John Bowie

No. 35, 37
- Position: Cornerback

Personal information
- Born: May 11, 1984 (age 42) Columbus, Ohio, U.S.
- Listed height: 5 ft 11 in (1.80 m)
- Listed weight: 190 lb (86 kg)

Career information
- High school: Northland (Columbus)
- College: Cincinnati
- NFL draft: 2007: 4th round, 110th overall pick

Career history
- Oakland Raiders (2007–2009); Cleveland Browns (2010)*; Hartford Colonials (2010); Cincinnati Bengals (2011)*; Hamilton Tiger-Cats (2013)*;
- * Offseason and/or practice squad member only

Career NFL statistics
- Total tackles: 2
- Stats at Pro Football Reference

= John Bowie (American football) =

American gridiron football player (born 1984)

John Bowie (born May 11, 1984) is an American former professional football player who was a cornerback in the National Football League (NFL).

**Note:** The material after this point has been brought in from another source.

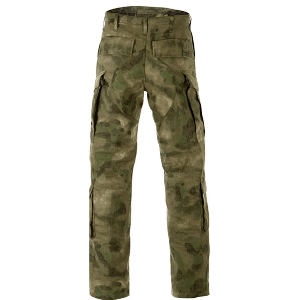 Nagy méretű, széles övbújtatóval. Két - gombbal zárható-nyitható - farzsebbel, két tépőzáras, húzózsinórral ellátott oldalzsebbel, tovább mindkét lábsszáron egy-egy tépőzáras mini zsebbel. Erősített (dupla anyag) térdrész, a piacon kapható legtöbb térdvédő elhelyezésére alkalmas. A nadrág szárában található textilzsinór segítségével személyre szabható bokarész.

He was selected by the Oakland Raiders in the fourth round of the 2007 NFL draft. He played college football for the Cincinnati Bearcats.

Bowie was also a member of the Cleveland Browns, Hartford Colonials, Cincinnati Bengals and Hamilton Tiger-Cats.

==Early life==
Bowie played high school football at Northland High School.

==Professional career==

===Pre-draft===
Bowie timed in at 4.37 in the 40-yard dash.

===Oakland Raiders===
Bowie was selected in the fourth round by the Oakland Raiders with the pick the Raiders acquired by trading wide receiver Randy Moss to the New England Patriots. Bowie was placed on injured reserve with a knee injury for the 2008 season on August 25, 2008.

On September 30, 2009, Bowie was waived from the Raiders and subsequently placed on injured reserve. He was released from injured reserve with an injury settlement on November 24.

===Cleveland Browns===
On February 8, 2010, Bowie was signed to a future contract by the Cleveland Browns. He was waived on June 17, 2010. He was re-signed on August 7, 2010. The Browns waived him on August 31.

===Hartford Colonials===
Bowie was signed by the Hartford Colonials of the United Football League on September 3, 2010.

===Cincinnati Bengals===
Bowie was signed by the Cincinnati Bengals practice squad on November 16, 2011.

===Hamilton Tiger-Cats===
Signed with the Hamilton Tiger-Cats of the Canadian Football League on April 11, 2013. Bowie was released by the club on April 23, 2013 (only 12 days after signing with them).